Material for this task:
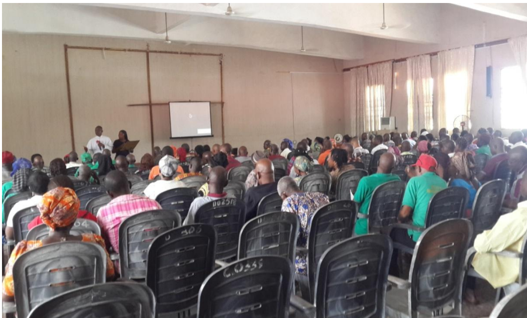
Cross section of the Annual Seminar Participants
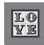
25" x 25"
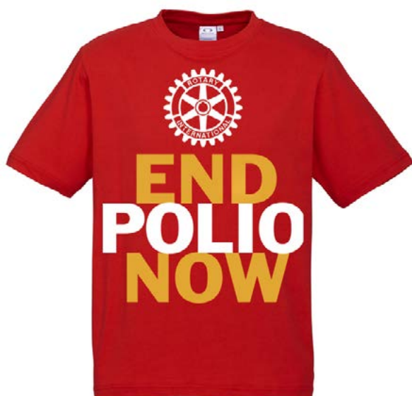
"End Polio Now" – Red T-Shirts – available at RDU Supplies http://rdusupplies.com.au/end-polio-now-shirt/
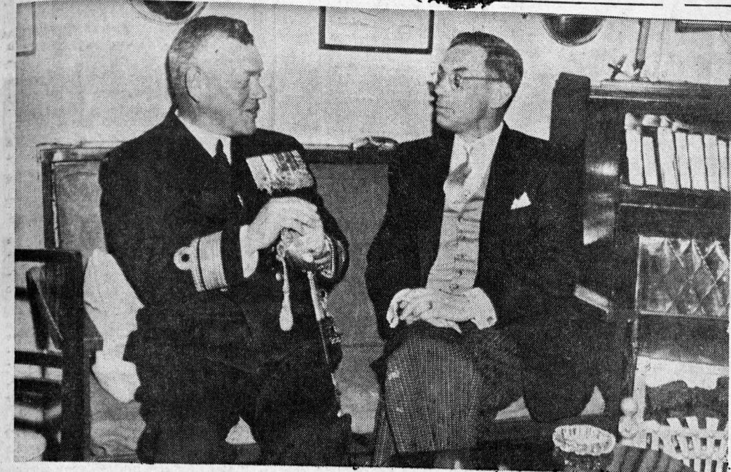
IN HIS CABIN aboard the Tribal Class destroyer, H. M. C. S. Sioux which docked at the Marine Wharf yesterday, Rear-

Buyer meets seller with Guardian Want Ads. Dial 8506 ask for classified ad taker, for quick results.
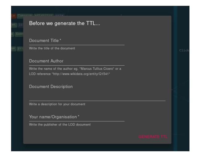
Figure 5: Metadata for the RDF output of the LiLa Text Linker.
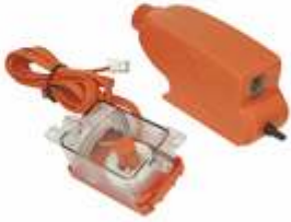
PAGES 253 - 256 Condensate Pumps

---

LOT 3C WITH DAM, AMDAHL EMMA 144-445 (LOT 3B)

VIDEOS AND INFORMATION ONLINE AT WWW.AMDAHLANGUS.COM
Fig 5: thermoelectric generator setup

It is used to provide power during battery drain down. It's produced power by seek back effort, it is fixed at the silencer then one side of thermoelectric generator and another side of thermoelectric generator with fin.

Exercise prompt: When copying from the data above, begin at the line containing "Cross section of" and end at the line containing "PAGES 253 - 256 Condensate Pumps"; return those lines exactly and leave all pictures behind.

Written response:
Cross section of the Annual Seminar Participants
25" x 25"
"End Polio Now" – Red T-Shirts – available at RDU Supplies http://rdusupplies.com.au/end-polio-now-shirt/
IN HIS CABIN aboard the Tribal Class destroyer, H. M. C. S. Sioux which docked at the Marine Wharf yesterday, Rear-

Buyer meets seller with Guardian Want Ads. Dial 8506 ask for classified ad taker, for quick results.
Figure 5: Metadata for the RDF output of the LiLa Text Linker.
PAGES 253 - 256 Condensate Pumps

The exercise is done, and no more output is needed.